Material to process ▸
---

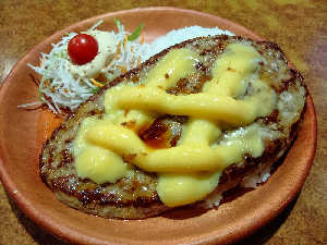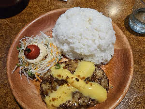 さっぱりした角切りトマトソースとふわふわオムレツがハンバーグのおいしさを爆上げしてくれます
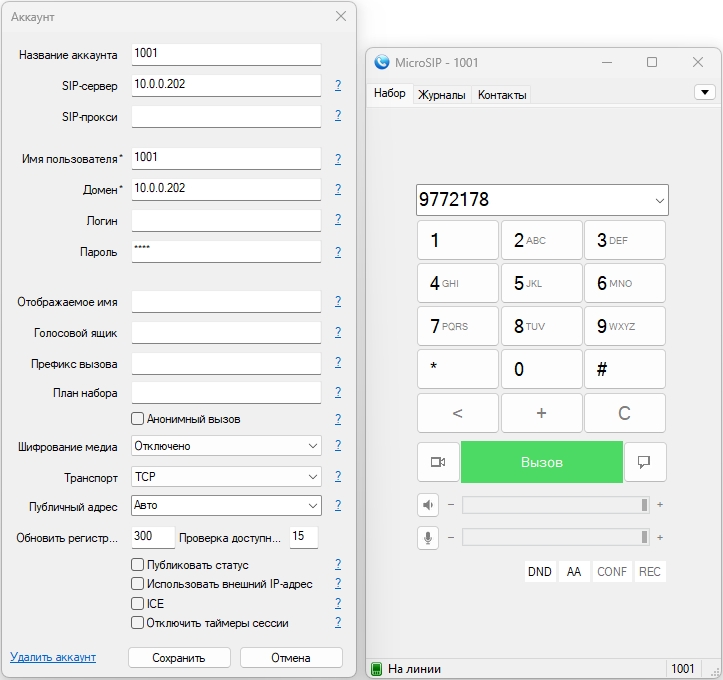 После успешной регистрации появится возможность позвонить из конференции на SIP-клиент.
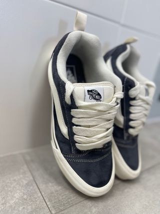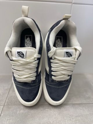Zapatillas de estilo urbano de la marca Vans. - Diseño Knu Skool. - Combinación de colores azul y blanco. - usada 3 veces
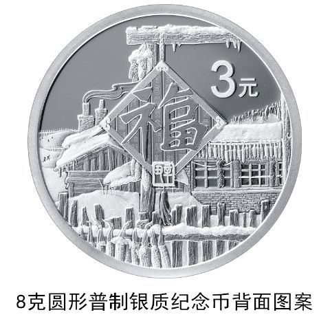 8克圓形銀質(zhì)紀念幣背面圖案為“福”字造型,襯以東北民居典型造型組合設計,并刊面額。
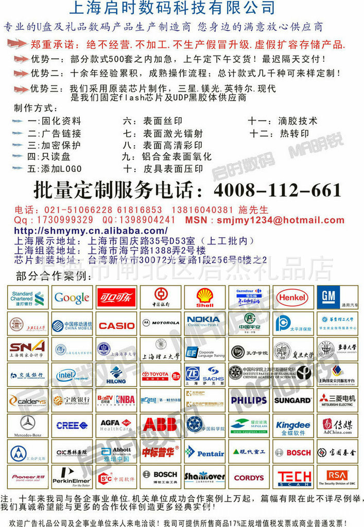 生產線及原材料皆由本人親自負責,本著誠信為本.合作互贏的原則,可以保證我司出品無一個U盤移動存儲是升級假貨!有一賠十,所有產品實行一年免費包換保修,實行三年售后服務!本地客戶更可驗貨后付款!外地客戶亦可支付寶交易!
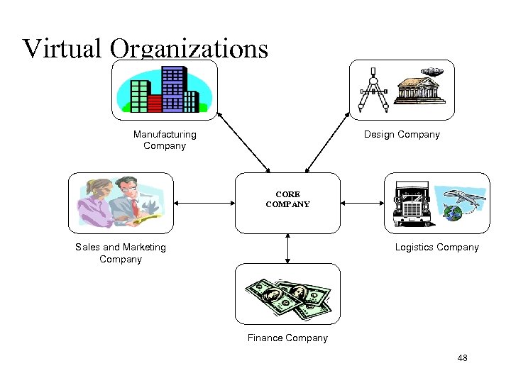 Virtual Organizations Manufacturing Company Design Company CORE COMPANY Sales and Marketing Company Logistics Company Finance Company 48
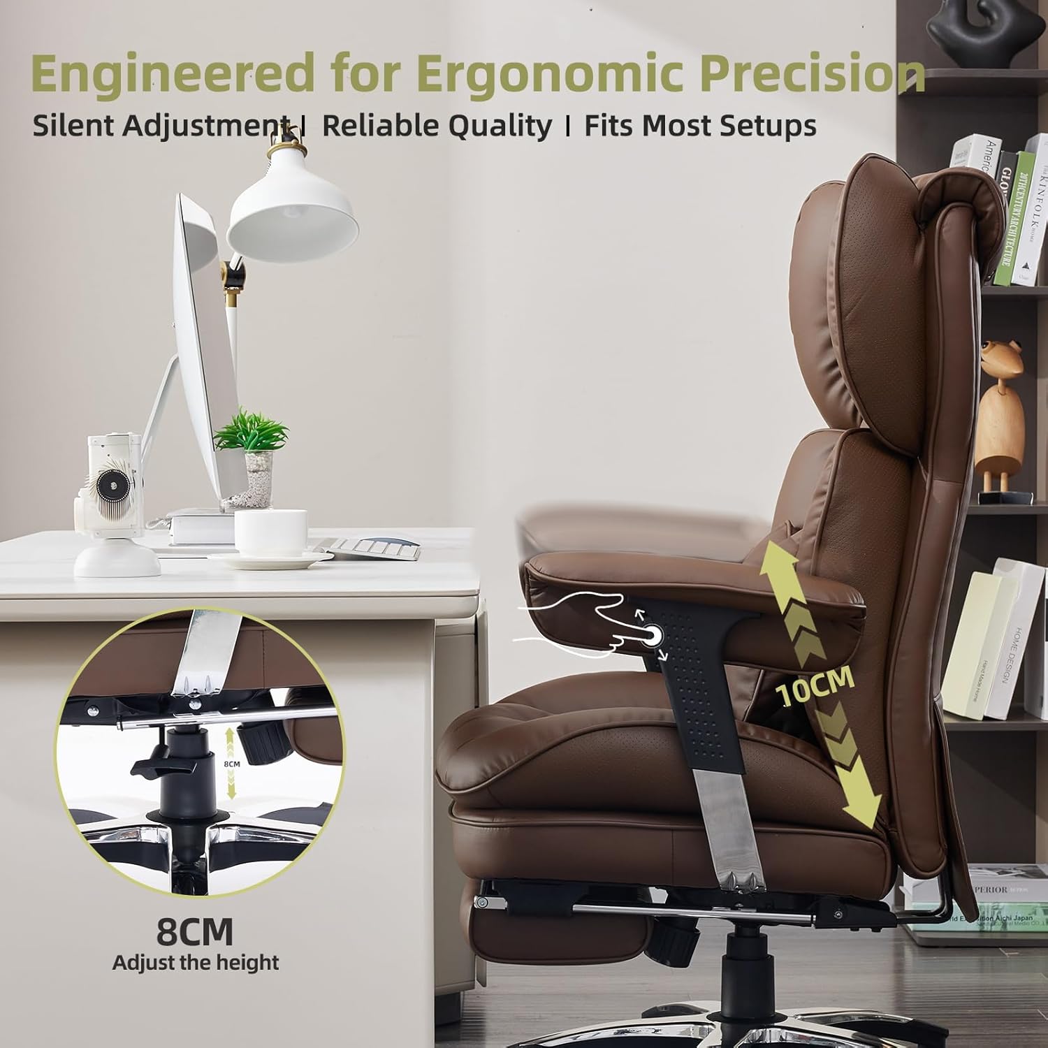 Efomao Big and Tall Office Chair with Footrest – High Back Computer Chair with Adjustable Armrests,Executive Office Chair with Wide Seat, Modern Desk Chair for Home Office, Gaming, or Study, Brown
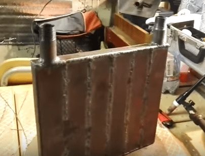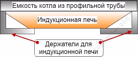 | Principe d'opération. Nous devons construire une sorte de récipient plat à partir d'un tuyau profilé à travers lequel l'eau circulera. Ensuite, fixez une cuisinière à induction à ce récipient et allumez-le. C'est la même chose que de mettre une casserole d'eau sur le dessus du poêle. |

---

Instructions to follow ▸
Take the listing above and print it exactly, apart from the pictures.

Reply ▸
 さっぱりした角切りトマトソースとふわふわオムレツがハンバーグのおいしさを爆上げしてくれます
 После успешной регистрации появится возможность позвонить из конференции на SIP-клиент.
Zapatillas de estilo urbano de la marca Vans. - Diseño Knu Skool. - Combinación de colores azul y blanco. - usada 3 veces
 8克圓形銀質(zhì)紀念幣背面圖案為“福”字造型,襯以東北民居典型造型組合設計,并刊面額。
 生產線及原材料皆由本人親自負責,本著誠信為本.合作互贏的原則,可以保證我司出品無一個U盤移動存儲是升級假貨!有一賠十,所有產品實行一年免費包換保修,實行三年售后服務!本地客戶更可驗貨后付款!外地客戶亦可支付寶交易!
 Virtual Organizations Manufacturing Company Design Company CORE COMPANY Sales and Marketing Company Logistics Company Finance Company 48
 Efomao Big and Tall Office Chair with Footrest – High Back Computer Chair with Adjustable Armrests,Executive Office Chair with Wide Seat, Modern Desk Chair for Home Office, Gaming, or Study, Brown
 | Principe d'opération. Nous devons construire une sorte de récipient plat à partir d'un tuyau profilé à travers lequel l'eau circulera. Ensuite, fixez une cuisinière à induction à ce récipient et allumez-le. C'est la même chose que de mettre une casserole d'eau sur le dessus du poêle. |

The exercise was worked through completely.